● **Work task**
The response has to reproduce all entries exactly while excluding their pictures.

-=-=-=-=-

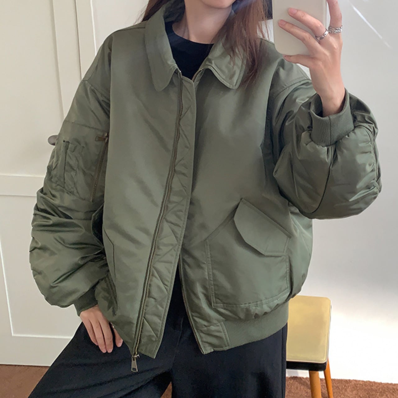 オーバーサイズのシルエットが魅力的なブルゾン。
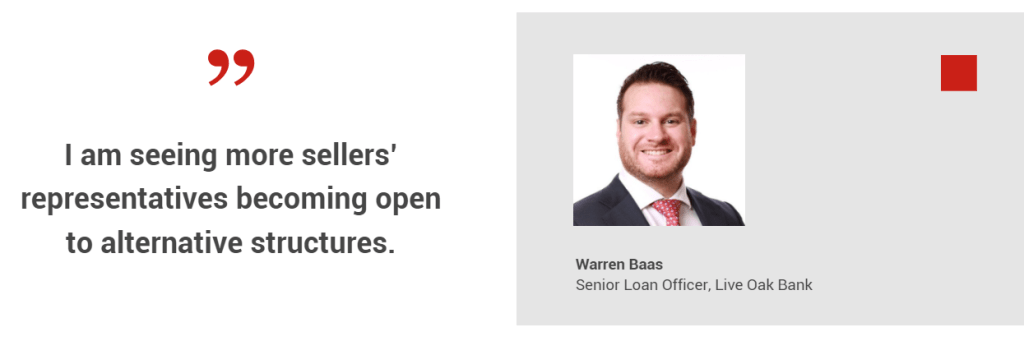 Warren Baas, a senior loan officer at specialist SBA lender Live Oak Bank, observed: “I am seeing more sellers’ representatives becoming open to alternative structures. The bank is now championing a performance-based seller financing model, where needed. This can help bridge a gap between a seller that seeks to justify the value of the business based on projected future earnings and a buyer that wants to mitigate the risk that those earnings do not materialize because, for example, a key customer is lost. In the situation where the performance metric is not met, the payments to seller are deferred until the next measurement period, leaving enough cash flow to cover just the SBA loan obligation.”
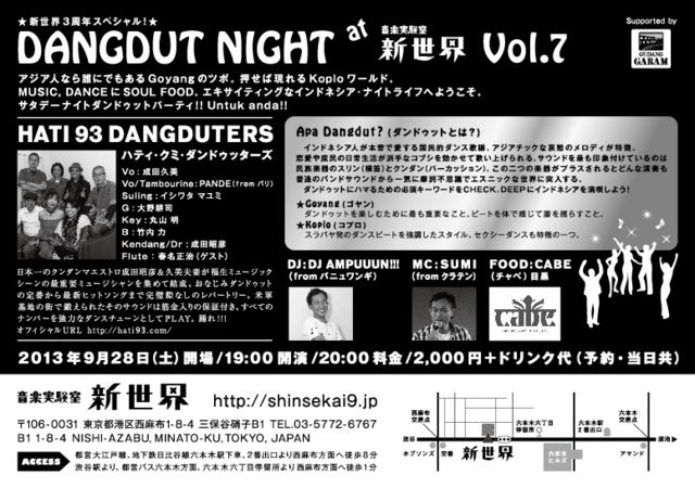 Festival Indonesia 2013 ¤Î¼¡¤Ï¤³¤Î¥¤¥Ù¥ó¥È¤Ç¥¤¥ó¥É¥Í¥·¥¢µ¤Ê¬¤òºÆ¤Ó¡ª Ï»ËÜÌÚ¤ØGooooooo!!!!!! °ì½ï¤Ë¥´¥ä¥ó¤·¤Þ¤·¤ç¤¦¢ö ¡ö¡ö¡ö¡ö¡ö¡ö¡ö¡ö¡ö¡ö¡ö¡ö¡ö¡ö¡ö¡ö¡ö¡ö¡ö¡ö ¡ØDANGDUT NIGHT @SHINSEKAI Vol.7¡Ù ¥¢¥¸¥¢¿Í¤Ê¤éï¤Ë¤Ç¤â¤¢¤ëGoyang¤Î¥Ä¥Ü¡£²¡¤»¤Ð¸½¤ì¤ëKoplo¥ï¡¼¥ë¥É¡£ MUSIC, DANCE¤ËSOUL FOOD¡£¥¨¥¥µ¥¤¥Æ¥£¥ó¥°¤Ê¥¤¥ó¥É¥Í¥·¥¢¡¦¥Ê¥¤¥È¥é¥¤¥Õ¤Ø¤è¤¦¤³¤½¡£ ¥µ¥¿¥Ç¡¼¥Ê¥¤¥È¥À¥ó¥É¥¥¥Ã¥È¥Ñ¡¼¥Æ¥£!! Untuk anda!! Apa Dangdut? (¥À¥ó¥É¥¥¥Ã¥È¤È¤Ï¡©) ¡¡¥¤¥ó¥É¥Í¥·¥¢¿Í¤¬Ëܲ»¤Ç°¦¤¹¤ë¹ṉ̃Ū¥À¥ó¥¹²ÎÍØ¡£¥¢¥¸¥¢¥Á¥Ã¥¯¤Ê°¥½¥
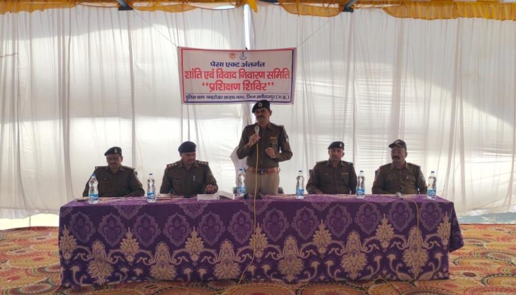 मध्यप्रदेश शासन द्वारा लागु पेसा एक्ट के तहत जिले के प्रत्येक थानों में शांति एवं विवाद निवारण समिति गठित की गई है। जिसे ग्राम में होने वाले आपसी झगड़ों में समझौता करने के लिए इन समितियों को 22 फरवरी को चंद्रशेखर आजाद नगर के मंडी परिसर में प्रशिक्षण दिया गया। आयोजन पुलिस अधीक्षक मनोज कुमार सिंह निर्देशानुसार किया गया। इस दौरान पुलिस अधिकारियों ने समिति सदस्यों को संबोधित किया। पेसा एक्ट के बारे में विस्तार से जानकारी भी दी गई।
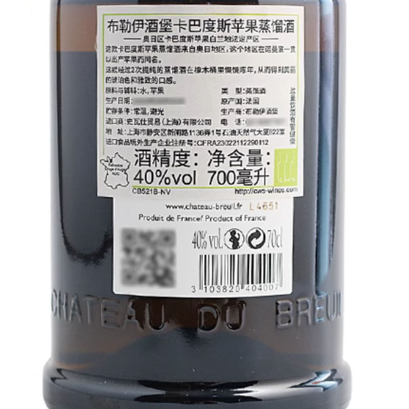 卡巴度斯 Breuil 法国布勒伊酒堡 Calvados 苹果蒸馏酒 Fine
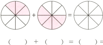 (1)$\frac{1}{4}+\frac{3}{4}=$( ),想:( )个$\frac{1}{4}$加( )个$\frac{1}{4}$是( )个$\frac{1}{4}$,也就是( )。
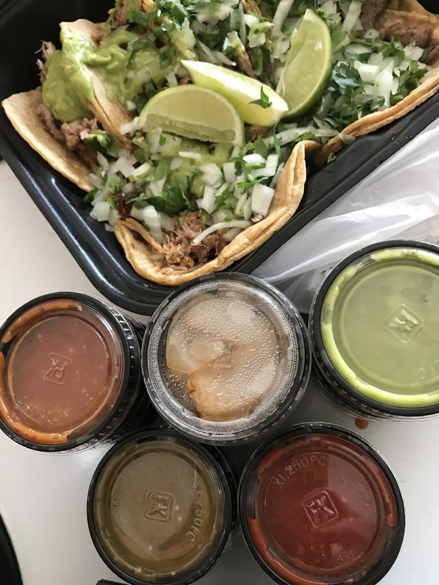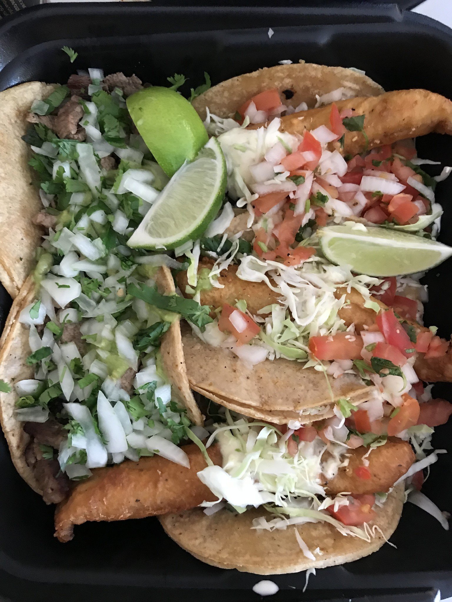 И по случай остаряването ми днес, решихме да се поглезим с мексикански такос - рибни, с телешко и със свинско; и много различни салци.
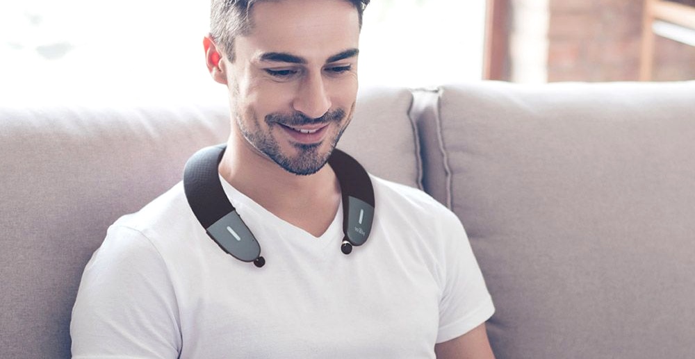En un dispositivo que va apoyado comodamente sobre los hombros, BeHear PROXY conjuga un par de altavoces inalámbricos (con micrófono), montados comoamente sobre tu cuello.
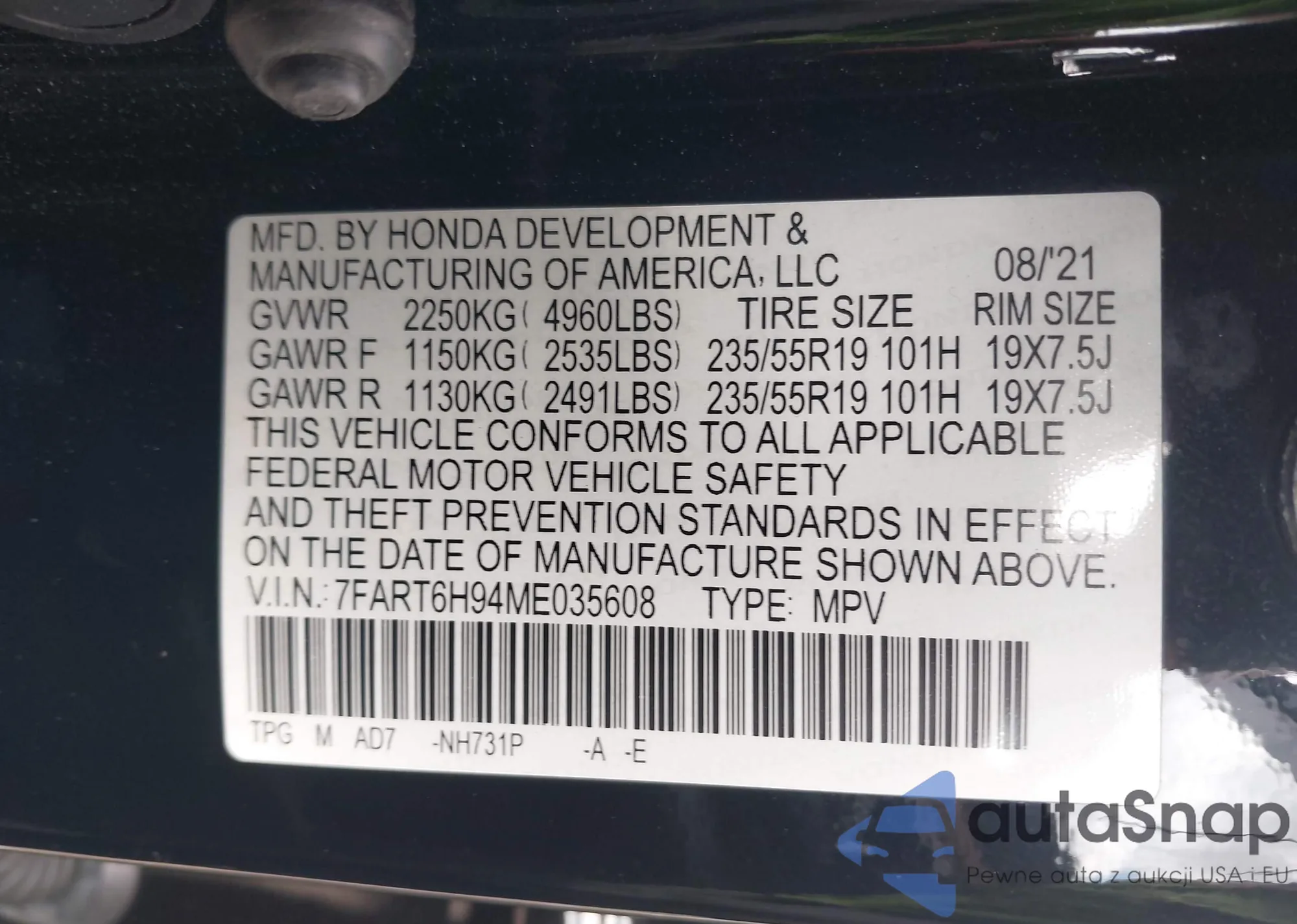 • VIN 5J6RW2H59MA005449

-=-=-=-=-

● **Completed task**
 オーバーサイズのシルエットが魅力的なブルゾン。
 Warren Baas, a senior loan officer at specialist SBA lender Live Oak Bank, observed: “I am seeing more sellers’ representatives becoming open to alternative structures. The bank is now championing a performance-based seller financing model, where needed. This can help bridge a gap between a seller that seeks to justify the value of the business based on projected future earnings and a buyer that wants to mitigate the risk that those earnings do not materialize because, for example, a key customer is lost. In the situation where the performance metric is not met, the payments to seller are deferred until the next measurement period, leaving enough cash flow to cover just the SBA loan obligation.”
 Festival Indonesia 2013 ¤Î¼¡¤Ï¤³¤Î¥¤¥Ù¥ó¥È¤Ç¥¤¥ó¥É¥Í¥·¥¢µ¤Ê¬¤òºÆ¤Ó¡ª Ï»ËÜÌÚ¤ØGooooooo!!!!!! °ì½ï¤Ë¥´¥ä¥ó¤·¤Þ¤·¤ç¤¦¢ö ¡ö¡ö¡ö¡ö¡ö¡ö¡ö¡ö¡ö¡ö¡ö¡ö¡ö¡ö¡ö¡ö¡ö¡ö¡ö¡ö ¡ØDANGDUT NIGHT @SHINSEKAI Vol.7¡Ù ¥¢¥¸¥¢¿Í¤Ê¤éï¤Ë¤Ç¤â¤¢¤ëGoyang¤Î¥Ä¥Ü¡£²¡¤»¤Ð¸½¤ì¤ëKoplo¥ï¡¼¥ë¥É¡£ MUSIC, DANCE¤ËSOUL FOOD¡£¥¨¥¥µ¥¤¥Æ¥£¥ó¥°¤Ê¥¤¥ó¥É¥Í¥·¥¢¡¦¥Ê¥¤¥È¥é¥¤¥Õ¤Ø¤è¤¦¤³¤½¡£ ¥µ¥¿¥Ç¡¼¥Ê¥¤¥È¥À¥ó¥É¥¥¥Ã¥È¥Ñ¡¼¥Æ¥£!! Untuk anda!! Apa Dangdut? (¥À¥ó¥É¥¥¥Ã¥È¤È¤Ï¡©) ¡¡¥¤¥ó¥É¥Í¥·¥¢¿Í¤¬Ëܲ»¤Ç°¦¤¹¤ë¹ṉ̃Ū¥À¥ó¥¹²ÎÍØ¡£¥¢¥¸¥¢¥Á¥Ã¥¯¤Ê°¥½¥
 मध्यप्रदेश शासन द्वारा लागु पेसा एक्ट के तहत जिले के प्रत्येक थानों में शांति एवं विवाद निवारण समिति गठित की गई है। जिसे ग्राम में होने वाले आपसी झगड़ों में समझौता करने के लिए इन समितियों को 22 फरवरी को चंद्रशेखर आजाद नगर के मंडी परिसर में प्रशिक्षण दिया गया। आयोजन पुलिस अधीक्षक मनोज कुमार सिंह निर्देशानुसार किया गया। इस दौरान पुलिस अधिकारियों ने समिति सदस्यों को संबोधित किया। पेसा एक्ट के बारे में विस्तार से जानकारी भी दी गई।
 卡巴度斯 Breuil 法国布勒伊酒堡 Calvados 苹果蒸馏酒 Fine
 (1)$\frac{1}{4}+\frac{3}{4}=$( ),想:( )个$\frac{1}{4}$加( )个$\frac{1}{4}$是( )个$\frac{1}{4}$,也就是( )。
 И по случай остаряването ми днес, решихме да се поглезим с мексикански такос - рибни, с телешко и със свинско; и много различни салци.
En un dispositivo que va apoyado comodamente sobre los hombros, BeHear PROXY conjuga un par de altavoces inalámbricos (con micrófono), montados comoamente sobre tu cuello.
 • VIN 5J6RW2H59MA005449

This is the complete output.